Reproduce, from the lines below, exactly the stretch that begins at the line containing "Package includes - 1" and ends at the line containing "2. While the", both included.

### Given records
------------------------------------------------------------------------

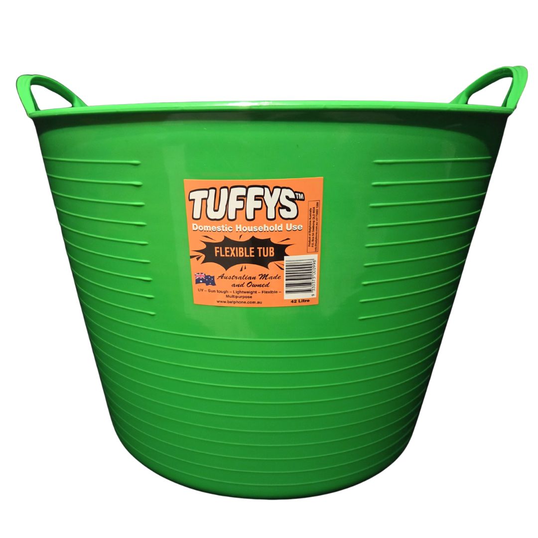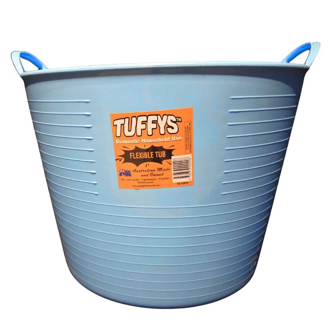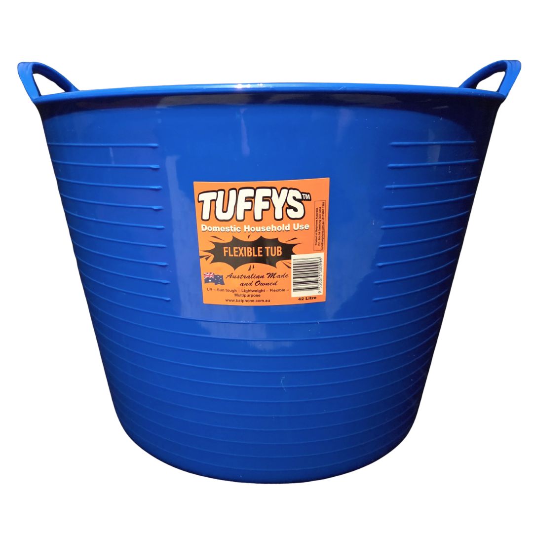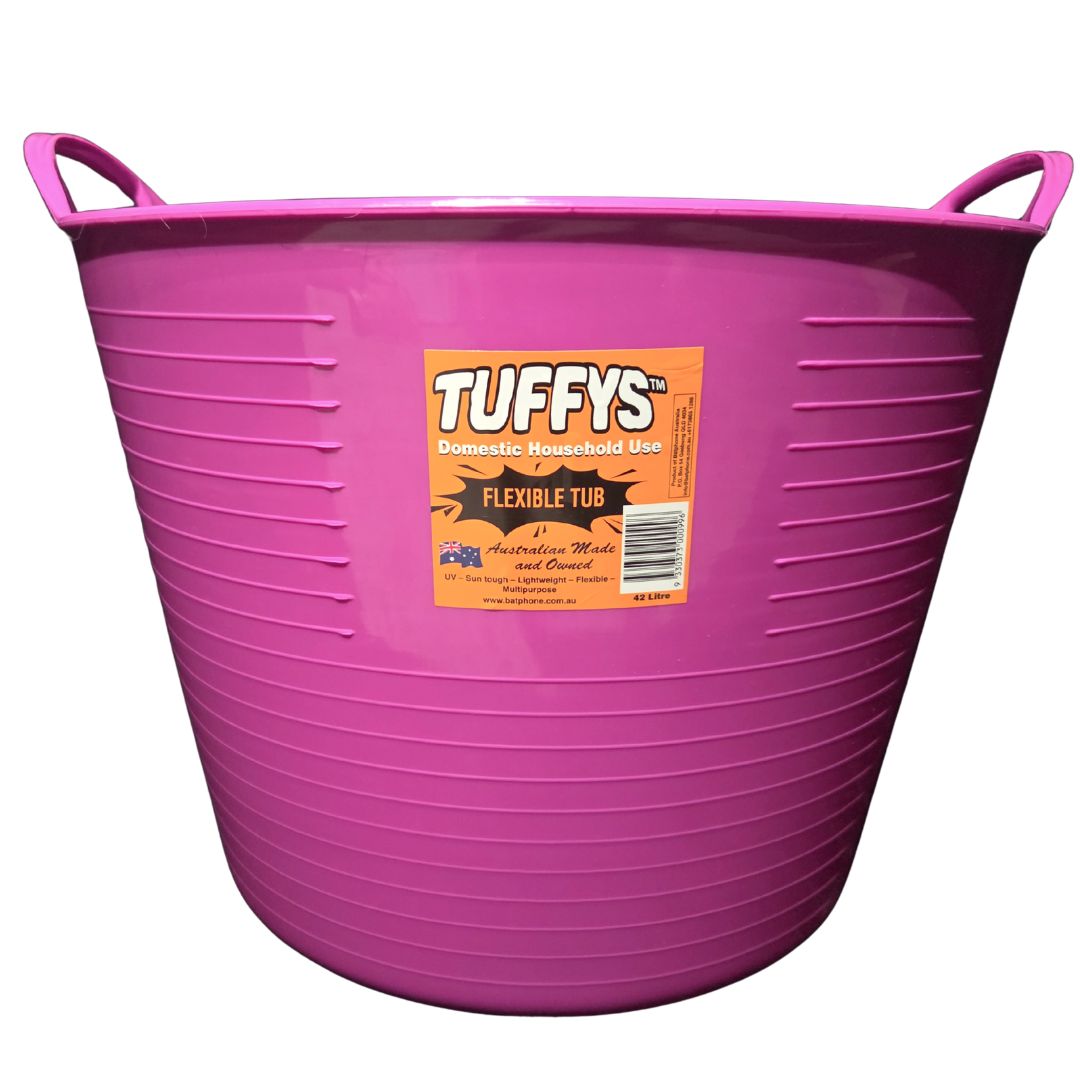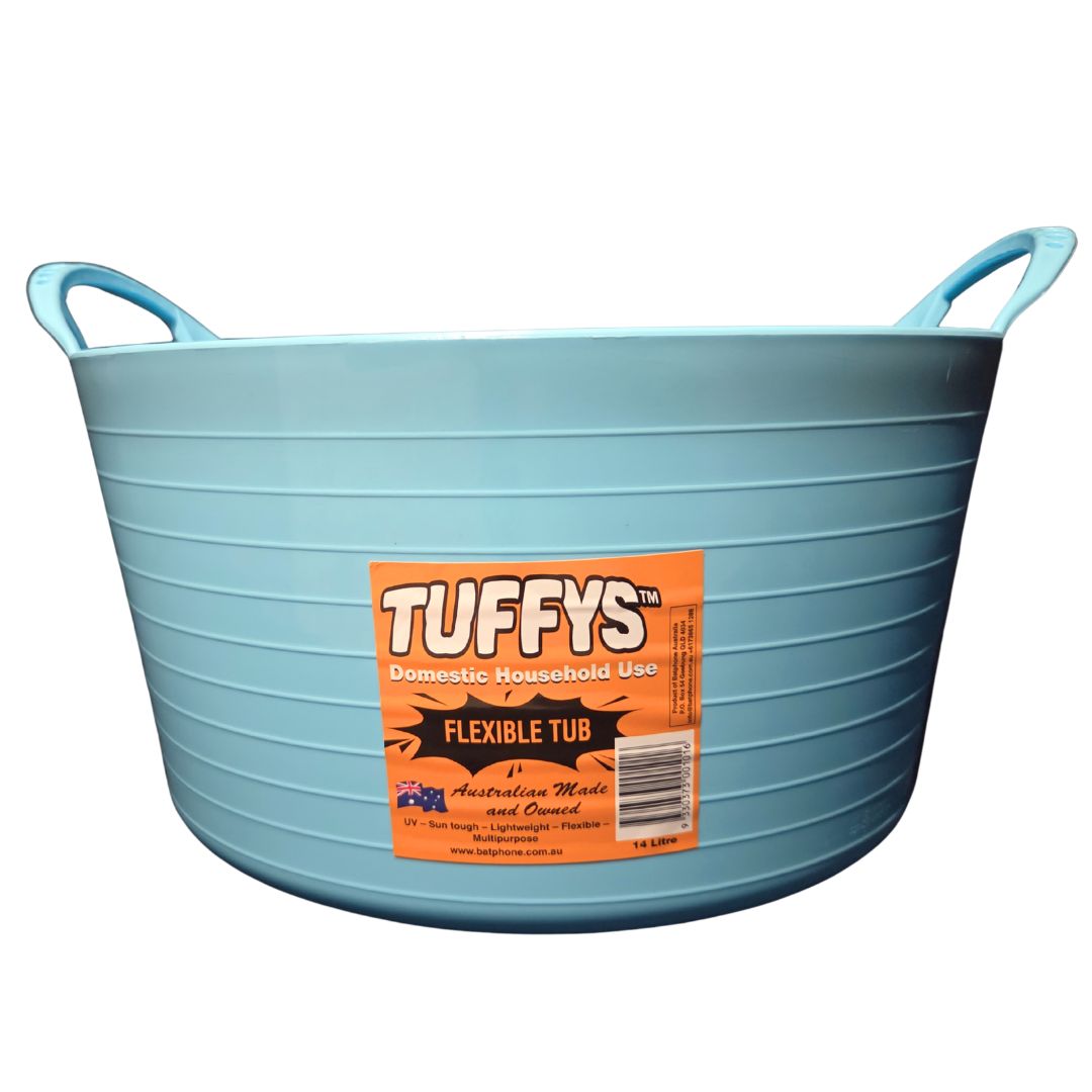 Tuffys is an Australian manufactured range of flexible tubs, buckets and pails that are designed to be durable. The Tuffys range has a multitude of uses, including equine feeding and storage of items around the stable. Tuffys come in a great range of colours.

------------------------------------------------------------------------

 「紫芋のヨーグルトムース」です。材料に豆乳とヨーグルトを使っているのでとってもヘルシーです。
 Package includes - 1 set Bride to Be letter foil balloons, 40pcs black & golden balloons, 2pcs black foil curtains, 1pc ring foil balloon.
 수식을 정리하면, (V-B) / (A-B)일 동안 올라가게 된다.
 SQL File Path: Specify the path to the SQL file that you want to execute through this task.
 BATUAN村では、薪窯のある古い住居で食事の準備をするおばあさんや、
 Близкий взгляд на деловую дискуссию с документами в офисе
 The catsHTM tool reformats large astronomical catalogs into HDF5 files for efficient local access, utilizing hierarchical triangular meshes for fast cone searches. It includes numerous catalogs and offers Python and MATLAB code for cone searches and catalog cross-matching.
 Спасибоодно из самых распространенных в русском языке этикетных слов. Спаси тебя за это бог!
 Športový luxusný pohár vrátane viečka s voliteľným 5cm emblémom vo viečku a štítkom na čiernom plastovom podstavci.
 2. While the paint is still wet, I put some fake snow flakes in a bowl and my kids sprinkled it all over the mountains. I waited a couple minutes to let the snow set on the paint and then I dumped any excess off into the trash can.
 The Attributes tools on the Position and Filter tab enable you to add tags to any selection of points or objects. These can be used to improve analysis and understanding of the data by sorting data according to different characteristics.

------------------------------------------------------------------------

### Exercise response
 Package includes - 1 set Bride to Be letter foil balloons, 40pcs black & golden balloons, 2pcs black foil curtains, 1pc ring foil balloon.
 수식을 정리하면, (V-B) / (A-B)일 동안 올라가게 된다.
 SQL File Path: Specify the path to the SQL file that you want to execute through this task.
 BATUAN村では、薪窯のある古い住居で食事の準備をするおばあさんや、
 Близкий взгляд на деловую дискуссию с документами в офисе
 The catsHTM tool reformats large astronomical catalogs into HDF5 files for efficient local access, utilizing hierarchical triangular meshes for fast cone searches. It includes numerous catalogs and offers Python and MATLAB code for cone searches and catalog cross-matching.
 Спасибоодно из самых распространенных в русском языке этикетных слов. Спаси тебя за это бог!
 Športový luxusný pohár vrátane viečka s voliteľným 5cm emblémom vo viečku a štítkom na čiernom plastovom podstavci.
 2. While the paint is still wet, I put some fake snow flakes in a bowl and my kids sprinkled it all over the mountains. I waited a couple minutes to let the snow set on the paint and then I dumped any excess off into the trash can.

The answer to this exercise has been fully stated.